Во «Второзаконии» день отдохновения предписывается как выходной всем, включая рабов, чтобы израильтяне помнили об Исходе[106]. Р придает субботе новый смысл: она становится делом в подражание Господу, знаком памятования о сотворении мира. Отдыхая в субботу, евреи соучаствуют в обряде, который некогда отправлял один лишь Бог. Налицо, таким образом, символическая попытка причаститься божественному бытию. В древнем язычестве любой поступок был подражанием богам, но культ Яхве разделил миры Бога и человека гигантской пропастью. Теперь же, соблюдая Моисееву Тору, евреи могли хоть немного приблизиться к своему Богу. Во «Второзаконии» перечисляется ряд непреложных законов, в их числе Десять Заповедей. Во время изгнания они легли в основу довольно развитого законодательства, состоящего уже из 613 заповедей (мицвот) Пятикнижия. Эти подробнейшие указания обескураживают чужаков и в новозаветной полемике представлены в крайне отрицательном свете. Евреи, впрочем, вовсе не считали эти правила непосильным бременем, каким они кажутся христианам. Для израильтян мицвот были прежде всего формой символического сосуществования с Богом. Знаком особого положения Израиля были даже перечисленные во «Второзаконии» правила питания[107]. Р видел в многочисленных запретах ритуализированное стремление приобщиться к священной отличительности Господа, сгладить мучительный разрыв между людьми и Богом. Человеческое естество станет святым лишь в том случае, если израильтяне будут подражать творческим деяниям Господа, отделяя молоко от мяса, чистое от нечистого, день отдохновения от будней.
   Труд «Священника» (Р) был включен в Пятикнижие наряду с повествованиями авторов J, Е и «Второзакония» (D). Это еще раз напоминает, что любая крупная религия складывается из целого ряда независимых прозрений и самостоятельных форм духовности.
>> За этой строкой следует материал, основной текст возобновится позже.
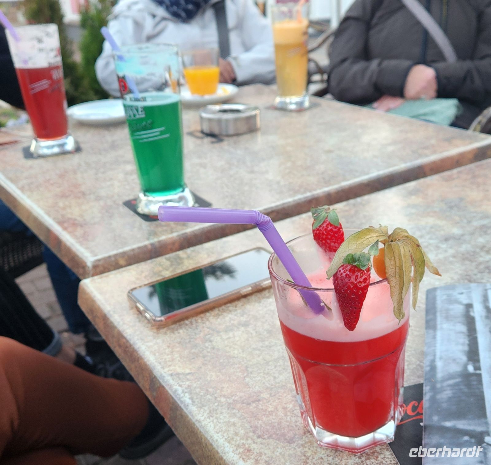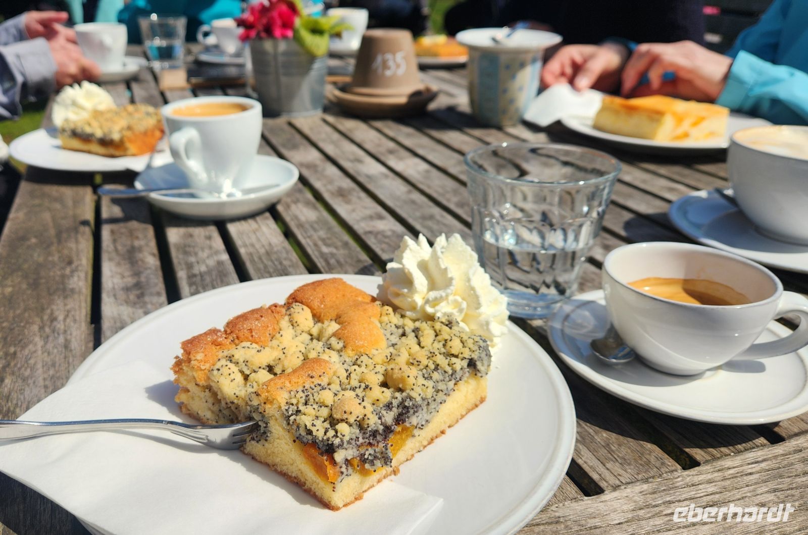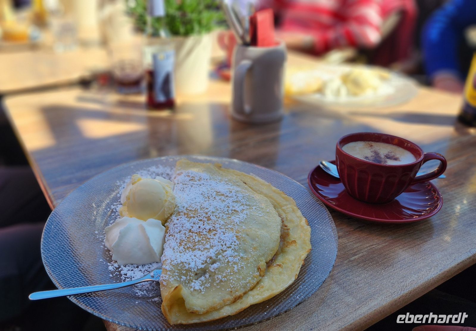 Den Nachmittag haben wir frei, viele zieht es an den Strand, denn wie jeden Tag lacht die liebe Sonne. Und auch heute hat gottseidank das Cafe Schreiber geöffnet und bietet wieder ausgesprochen leckeren, selbstgebackenen Kuchen an, so lässt sich's leben :)
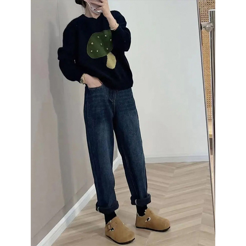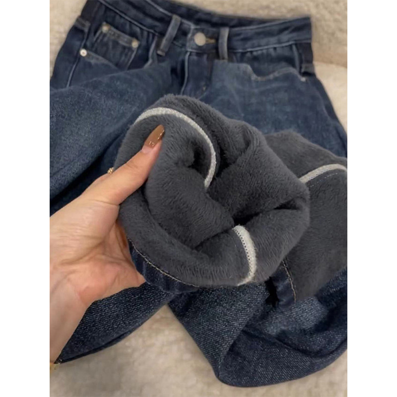 Утепленные штаны, зимние приталенные джинсы, большой размер, высокая талия, свободный прямой крой
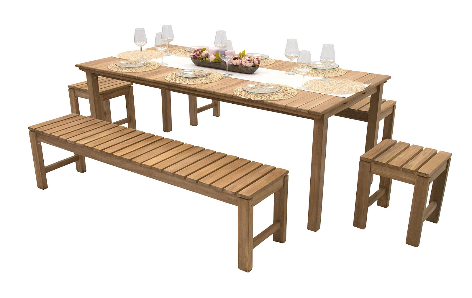 Aj napriek tomu sa jedná o odolný prírodný materiál, odporúčame nábytok raz ročne impregnovať teakovým olejom (viď príslušenstvo). Sestava obsahuje: 1x Záhradný pevný stôl obdĺžnik JOHNSON 200×100 cm (teak), 2x Záhradná teaková lavica JOHNSON 180 cm, 2x Záhradná stolička/taburet JOHNSON (teak)

Одни иудаисты всегда тяготели к Богу «Второзакония», который сделал израильтян избранным народом и жестко противопоставил их язычникам; другие предпочитали мессианские мифы с их надеждой на грядущий в конце времен День Яхве, когда Бог возвысит Израиль и принизит прочие племена. В этих мифологических представлениях Господь чаще всего выглядит очень далеким; неявно подразумевается, что конец изгнания означает завершение эпохи пророчеств. Непосредственного общения с Богом больше нет, за исключением лишь символических видений, приписываемых таким великим личностям далекого прошлого, как Енох или Даниил.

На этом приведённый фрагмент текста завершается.